Because building artifacts can take quite some time for larger ML models, you can optionally disable the plugin while writing documentation by using environment variables:

# mkdocs.yml
plugins:
- mkdocs-simple-hooks:
enabled: !ENV [ENABLE_MKDOCS_SIMPLE_HOOKS, True]
hooks:
on_pre_build: "scripts.artifacts:generate"

export ENABLE_MKDOCS_SIMPLE_HOOKS=false
mkdocs serve


## Including tables

Probably one of the most common artifacts are tables. I wrote mkdocs-table-reader-plugin to make it easy:

# mkdocs.yml
plugins:
data_path: "docs/assets/tables"


And then in any markdown file you can insert a table using {{ read_csv("tablename.csv") }}.

## Including variables

Another very common artifacts are variables; basically singular named values. mkdocs-markdownextradata-plugin is an excellent plugin to help you get the job done:

# mkdocs.yml
plugins:
data: docs/assets/variables


Add a file in docs/assets/variables like:

# data.yml
auc_train: 0.76
auc_test: 0.74


And now you can insert variables in any markdown file using the syntax {{ data.auc_train }}.

## Including charts

A variant on a table is a chart. Basically this is tabular data with some specification on how to visualize it. vegalite is an excellent solution, and I wrote mkdocs-charts-plugin to bring support to MkDocs.

# mkdocs.yml
plugins:
- charts

extra_javascript:
- https://cdn.jsdelivr.net/npm/[email protected]
- https://cdn.jsdelivr.net/npm/[email protected]
- https://cdn.jsdelivr.net/npm/[email protected]

markdown_extensions:
- pymdownx.superfences:
custom_fences:
- name: vegalite
class: vegalite
format: !!python/name:mkdocs_charts_plugin.fences.fence_vegalite


Now you can insert chart specifications anywhere in a markdown file, and have it rendered as a chart.

vegalite
{
"description": "A simple bar chart with embedded data.",
"data": {"url" : "assets/charts/data/basic_bar_chart.json"},
"mark": {"type": "bar", "tooltip": true},
"encoding": {
"x": {"field": "a", "type": "nominal", "axis": {"labelAngle": 0}},
"y": {"field": "b", "type": "quantitative"}
}
}



Note that the data is located in assets/charts/data/basic_bar_chart.json, which means you can update it separately.

## Including notebooks

Especially when building machine learning models, there might be separate, fairly self-contained deep dives in notebooks you would like to include in your documentation. For example an experiment with different target definitions, or a review of fairness aspects. A notebook already contains code, text and output (tables and images).

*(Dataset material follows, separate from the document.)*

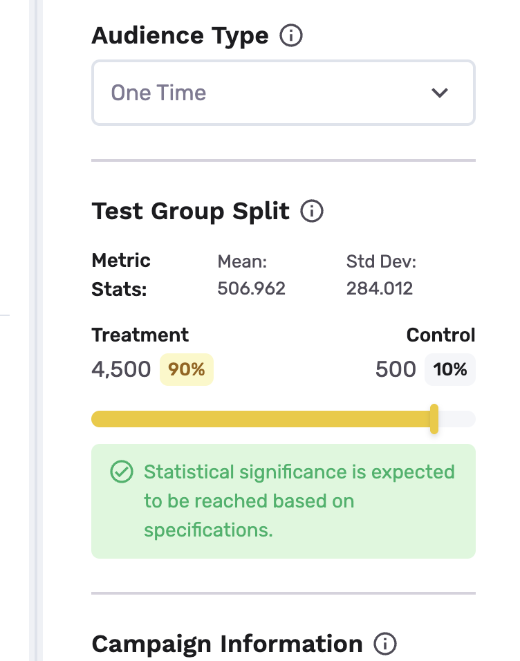 - For one-time audiences, treatment/control split automatically defaults to the most efficient split that keeps the control group the smallest while still being expected to reach StatSig (statistical significance) based on advanced forecasting over experimentation settings

The mknotebooks plugin allows you to insert entire jupyter notebooks (.ipynb files) directly into your MkDocs site. For example:

# mkdocs.yml
nav:
- your_notebook.ipynb

plugins:
- mknotebooks


It’s not well documented, but you can optionally remove input cells (the code) from the notebooks. See this example.

## Including HTML

There are some great machine learning tools out there that can generate stand-alone HTML reports. For example pandas-profiling for exploratory data analysis, or great expectations for data profiling.

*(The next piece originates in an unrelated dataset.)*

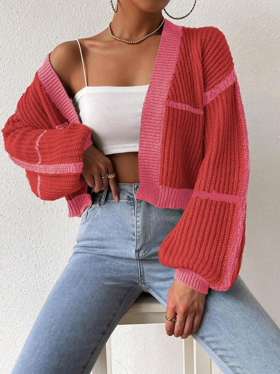 Contrast Trim Lantern Sleeve Duster Cardigan

You can export those files to docs/assets/html and simply link to them from your MkDocs navigation:

# mkdocs.yml
nav:
- index.md
- Some page: assets/html/page.html


If it’s a small snippet of HTML, you can also use the snippets markdown extension to embed external files, see the example the mkdocs-material docs.

## Wrapping up

If you need even more flexibility in inserting content, you can use the mkdocs_macros_plugin to define python functions. Using our machine learning example, you could write a python function get_model_auc() that queries MLFlow and returns a score. You can then use it anywhere in your markdown files using {{ get_model_auc() }}.

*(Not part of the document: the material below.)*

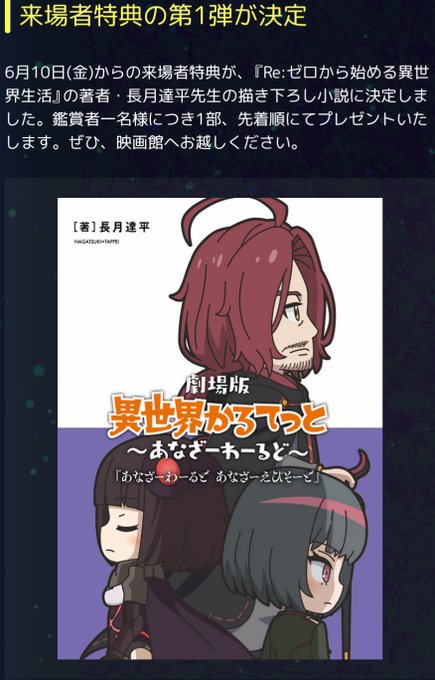 6/10から異世界かるてっと上映なのか。観るなら新宿か池袋か上野かな?

You might also want to use mkdocs-git-authors-plugin to automatically add authors of each page by using information from git commits, or mkdocs-git-revision-date-localized-plugin to add the last edited date to each page.

With a now fully reproducible MkDocs website, you can use mkdocs-print-site-plugin export to a PDF or a standalone HTML file (that you can share over HTML).